🤖 AI Summary
To address the challenge of rapidly and accurately identifying spectral shifts and distortions in pulse waveforms under low signal-to-noise ratio (SNR) conditions, this paper proposes an extended statistical signal representation method. The approach jointly exploits moments and cumulants applied to the original waveform, its first-order derivative, and its integral—yielding a 30-dimensional high-order statistical feature vector that significantly enhances sensitivity to dynamic spectral variations. Integrated with a single-layer feedforward backpropagation (BP) neural network, the method achieves high classification accuracy in distortion identification tasks for Sinc, Gaussian, and chirp pulses. Unlike conventional statistical representations operating solely on the raw waveform, our method extends high-order statistics into the derivative and integral domains, thereby broadening the dimensionality of statistical signal modeling. It offers both computational efficiency and robustness, making it well-suited as a lightweight preprocessing module for resource-constrained embedded systems.
📝 Abstract
We propose a statistical procedure to characterize and extract features from a waveform that can be applied as a pre-processing signal stage in a pattern recognition task using Artificial Neural Networks.

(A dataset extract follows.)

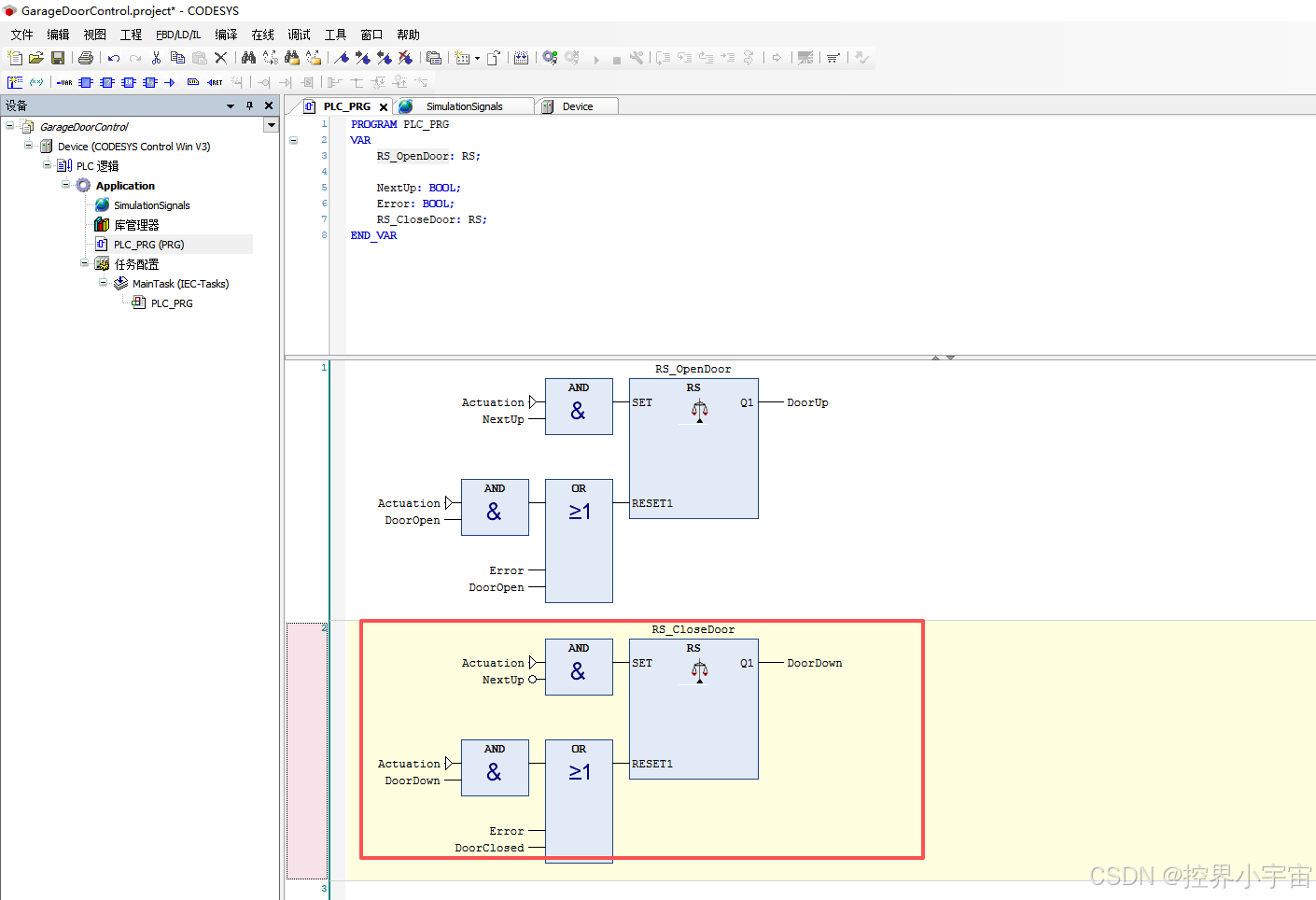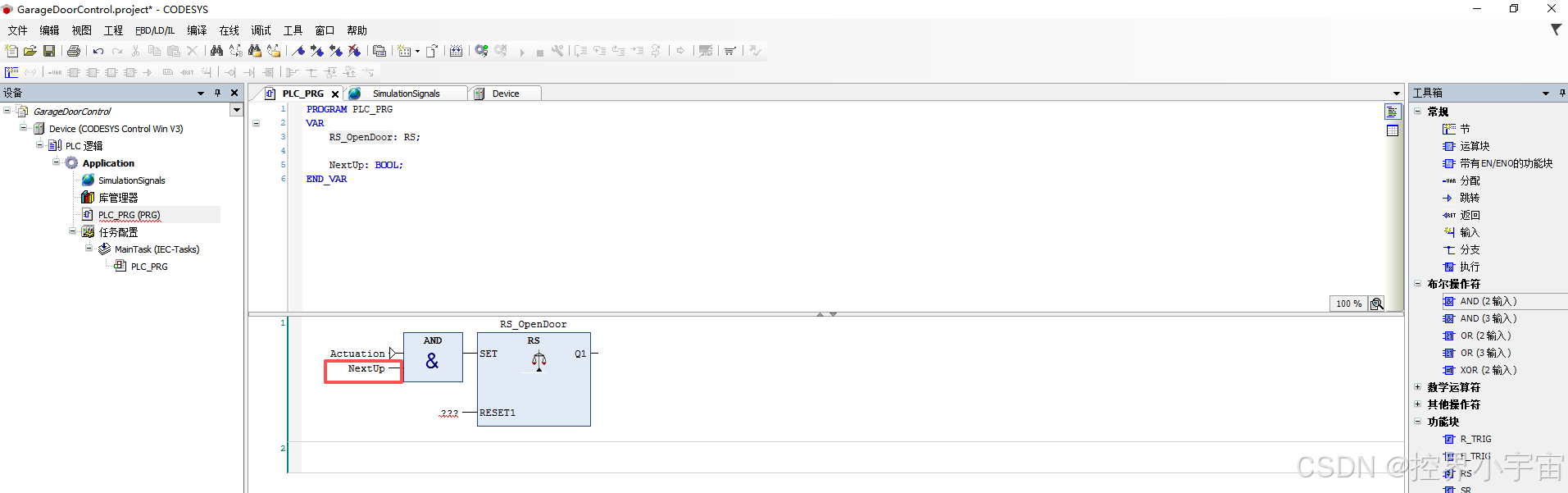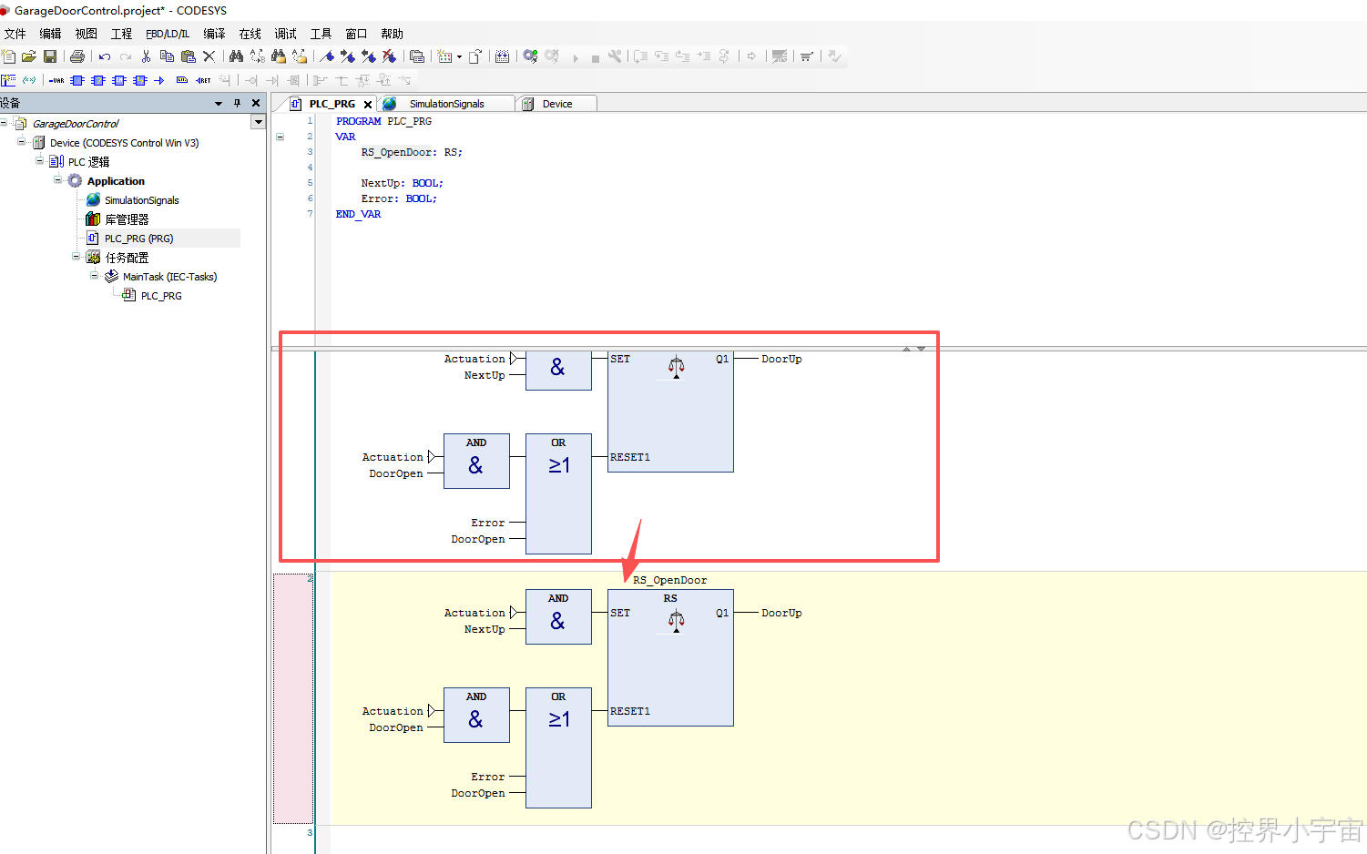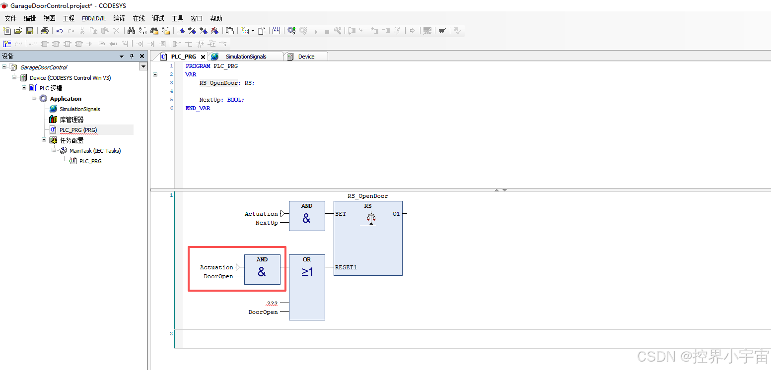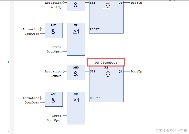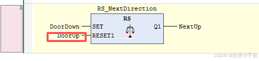 - 输出端(Q)连接:RS 功能块的 Q 端连接升门驱动"DoorUp"------置位时 DoorUp 为真,门开始打开;复位时 DoorUp 为假,门停止。

Such a procedure is based on measuring a 30-parameters set of moments and cumulants from the waveform, its derivative, and its integral. The technique is presented as an extension of the Statistical Signal Characterization method existing in the literature. As a testing methodology, we used the procedure to distinguish a pulse-like signal from different versions of itself with frequency spectrum alterations or deformations. The recognition task was performed by single feed-forward back-propagation networks trained for the case Sinc-, Gaussian-, and Chirp-pulse waveform. Because of the success obtained in these examples, we can conclude that the proposed extended statistical signal characterization method is an effective tool for pattern-recognition applications. In particular, we can use it as a fast pre-processing stage in embedded systems with limited memory or computational capability.